Assignment - Return the whole listing unchanged. Drop the images.

Supplied material -
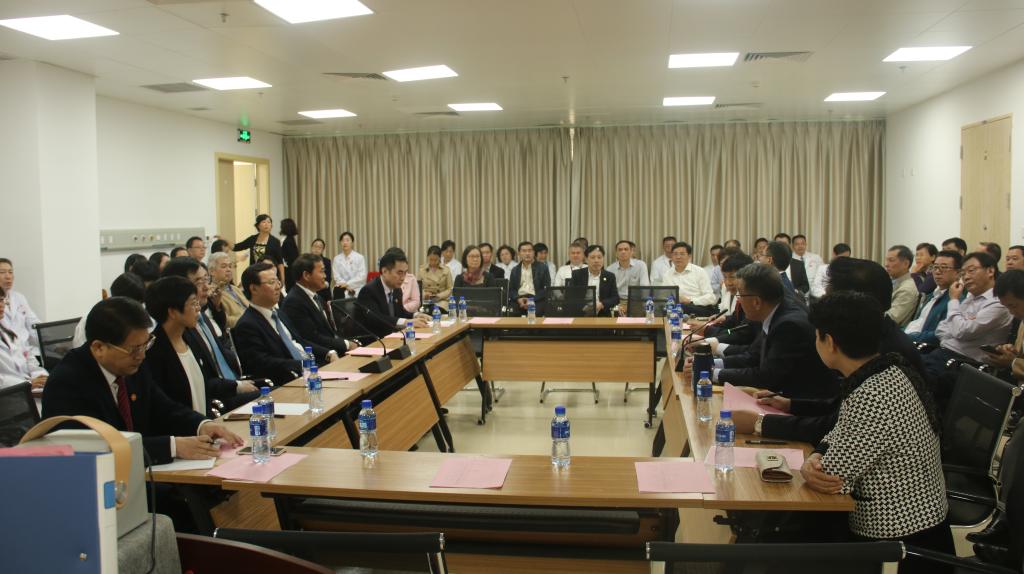 揭牌仪式结束后,在门诊楼5楼会议室举行了“海南省人民医院划为海南医学院直属附属医院见面会”,校院双方领导班子成员及党政机关中层干部进行了座谈交流。
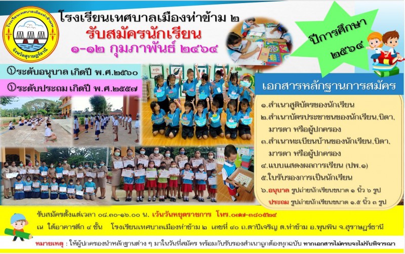 5 ก.พ. 64 โรงเรียนเทศบาลเมืองท่าข้าม ๒ รับสมัครนักเรียนระดับชั้นอนุบาล และระดับชั้นประถมศึกษาปีที่ 1 ปีการศึกษา 2564
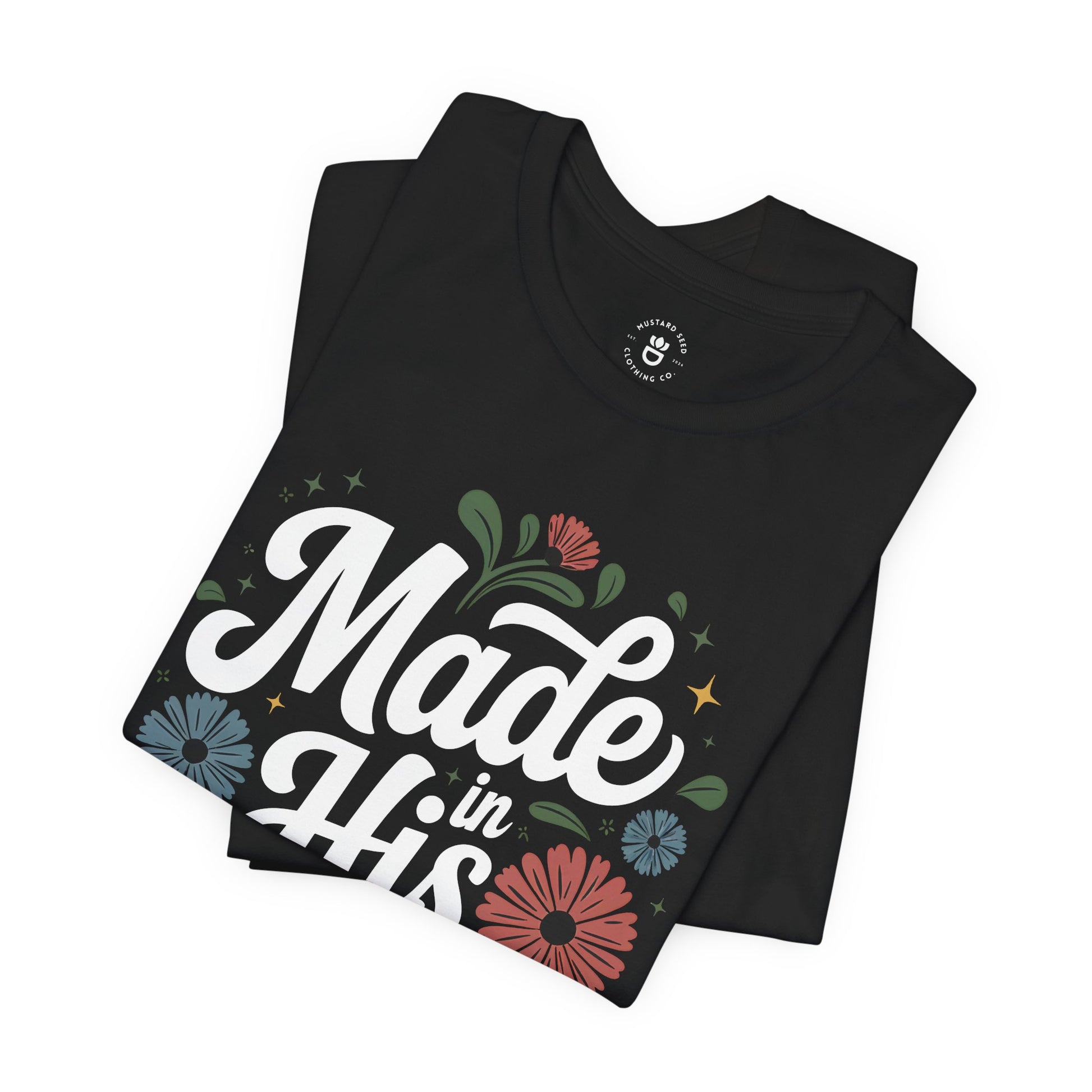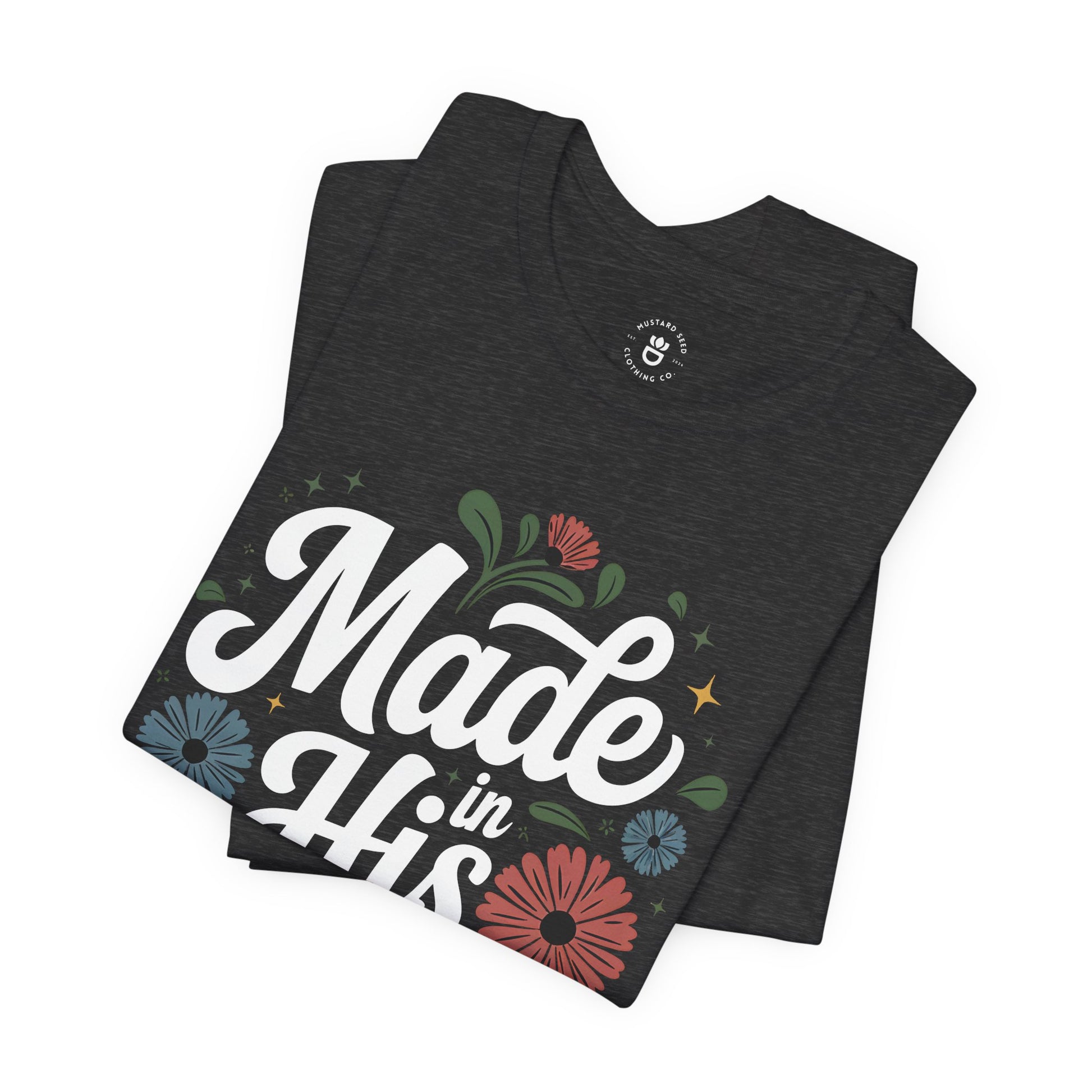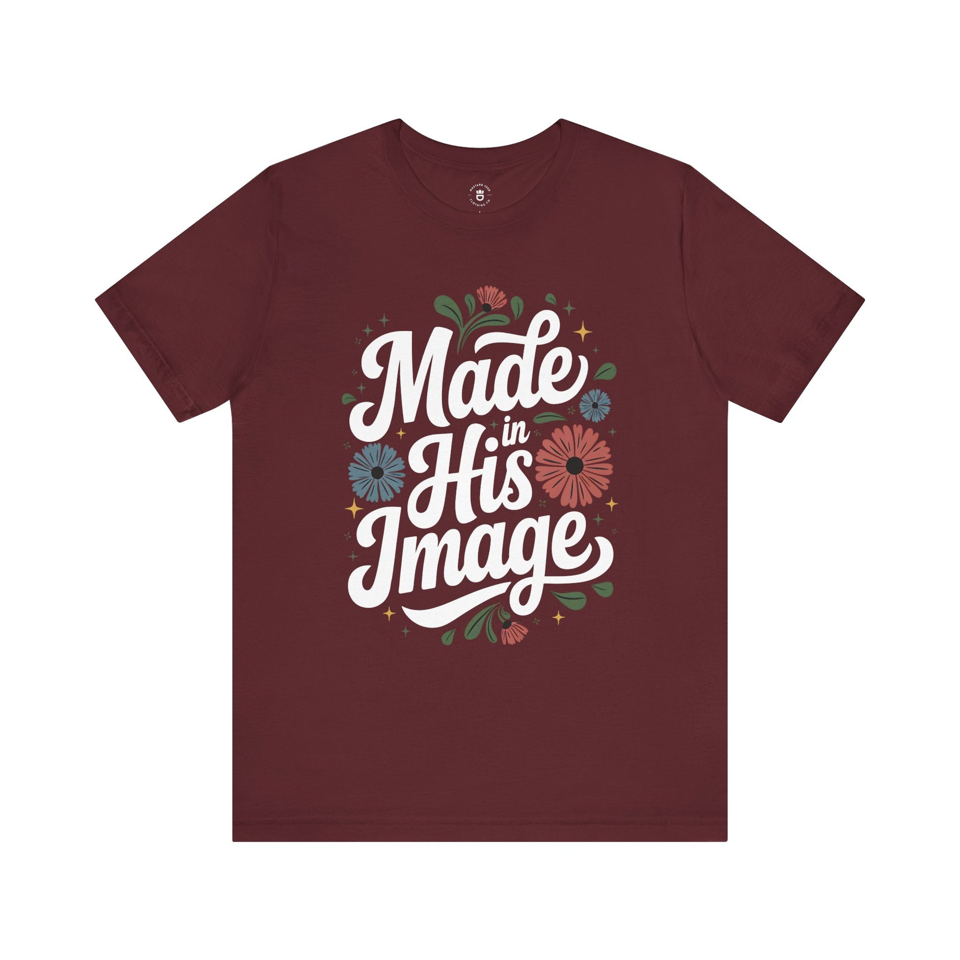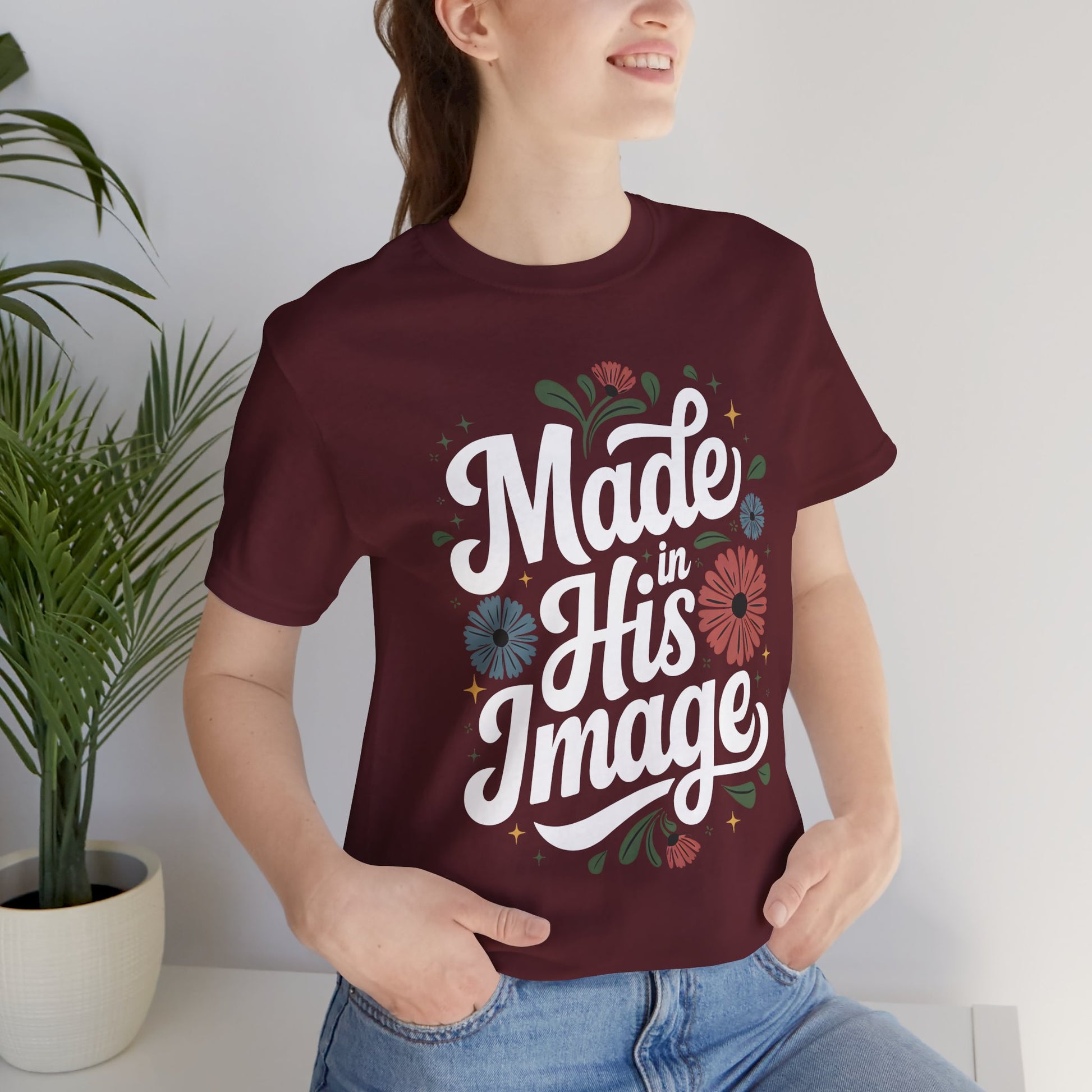 Embrace your faith and style with our "In His Image" women's t-shirt. Featuring bold script typography and delicate floral design elements, this tee beautifully blends spirituality with fashion. Perfect for everyday wear or church gatherings, it's a heartfelt reminder of your identity in Christ.

Solution -
 揭牌仪式结束后,在门诊楼5楼会议室举行了“海南省人民医院划为海南医学院直属附属医院见面会”,校院双方领导班子成员及党政机关中层干部进行了座谈交流。
 5 ก.พ. 64 โรงเรียนเทศบาลเมืองท่าข้าม ๒ รับสมัครนักเรียนระดับชั้นอนุบาล และระดับชั้นประถมศึกษาปีที่ 1 ปีการศึกษา 2564
 Embrace your faith and style with our "In His Image" women's t-shirt. Featuring bold script typography and delicate floral design elements, this tee beautifully blends spirituality with fashion. Perfect for everyday wear or church gatherings, it's a heartfelt reminder of your identity in Christ.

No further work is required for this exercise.